(This song is from a band I briefly managed back in the ’80s).

I was listening to “The Charlie Rose Show” on my way into work for my Sunday shift, and he was interviewing investor Robert Altman about the state of the economy — you can watch the full interview here:

The line of questioning was simple:  it was just announced that GDP in the U.S. is at 3 percent, the stock market indicators are stronger than they have been in a long time, and the unemployment rate is officially at 4.1 percent — which means full employment.

Source: U.S. Bureau of Labor Statistics, November 5, 2017

So why are people still anxious about the economy, jobs, healthcare, the environment, and the like?  Altman has some good answers in that interview, but he also references a Stanford University economist, Raj Chetty, who studies income gaps, wage stagnation and the like. His organization, The Equality of Opportunity Project, has a lot of information on these topics and some solutions. The novelty of this project is that they are using “Big Data” to find pathways to greater economic mobility. All well and good, but will the political and business class listen?  In politics, compromise is a dirty word, polarization between the parties is sky-high, and because of gerrymandering, you’re seeing (mostly on the right) the most extreme candidates run and get voted into office.  Far right authoritarians in the GOP and news media are using Soviet-era propaganda techniques to keep their flock siloed and force-fed a steady diet of half-truths, full on lies, and distractions to keep them from understanding why, for example, a massive tax cut for rich folks won’t affect the upward mobility for those stuck in an economic limbo.

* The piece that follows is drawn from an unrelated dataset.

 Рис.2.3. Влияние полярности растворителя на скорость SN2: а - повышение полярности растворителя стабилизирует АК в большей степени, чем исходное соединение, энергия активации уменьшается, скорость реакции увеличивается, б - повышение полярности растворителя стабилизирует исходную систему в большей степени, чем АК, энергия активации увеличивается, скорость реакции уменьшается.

But it goes both ways — though, not equally.

There are many people who only want to believe that which gives them comfort, so they embrace said propaganda because it gives them a sense of “rightness” about their team.  In the center-left and left in the country there’s a vocal minority who are still battling the last presidential primary between Clinton and Sanders.  Their desire to see the rightness of their cause has made them narrowly focused on rigged primaries in 2016 and poor strategies in the general that they are not looking at getting people registered, getting out the vote, and winning special elections this year.

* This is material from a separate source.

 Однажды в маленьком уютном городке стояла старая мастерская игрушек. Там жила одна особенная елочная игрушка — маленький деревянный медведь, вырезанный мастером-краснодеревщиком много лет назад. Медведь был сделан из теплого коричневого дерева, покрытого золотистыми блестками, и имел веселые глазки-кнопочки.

When you have a daily dose of all this rancor fed to us on social media, the traditional media, and just talking with people who are exasperated, it creates a heightened sense of anxiety. But it’s not just politics with the underlying evidence that members who put the current administration in office colluded with Russia on a number of levels or charges that Hillary Clinton’s campaign rigged the primaries in her favor with her deal to help the DNC get out of debt, it’s a sense that things are just not getting better.

Why is this the case — if you factor out all the political hair on fire moments —  when economic indicators say otherwise? Altman and Chetty have some conclusions:

  1.  Economic mobility is less likely for those between 18-25 than it is for any other generation.
  2.  Changes in capitalism have decreased the economic disparities between populations in North America and many other parts of the world. There’s more global investment that’s pushing wages up in poorer parts of the world, while more wealthy areas are seeing stagnation.
  3. The U.S. — like Japan — is seeing a decline in its workforce.  Not because of unemployment, but because there aren’t enough workers to drive growth beyond 2-3 percent GDP.
  4. A lack of political will to drive government spending into infrastructure spending in the U.S.
  5. Wages aren’t keeping pace with the cost of living because of global realities about the cost of labor for certain classes of jobs, and zero to negative growth of unions in many workplaces.
  6. Government spending in education is low relative to the needs of business.
  7. Automation of some tasks is phasing out jobs faster than new jobs can be created.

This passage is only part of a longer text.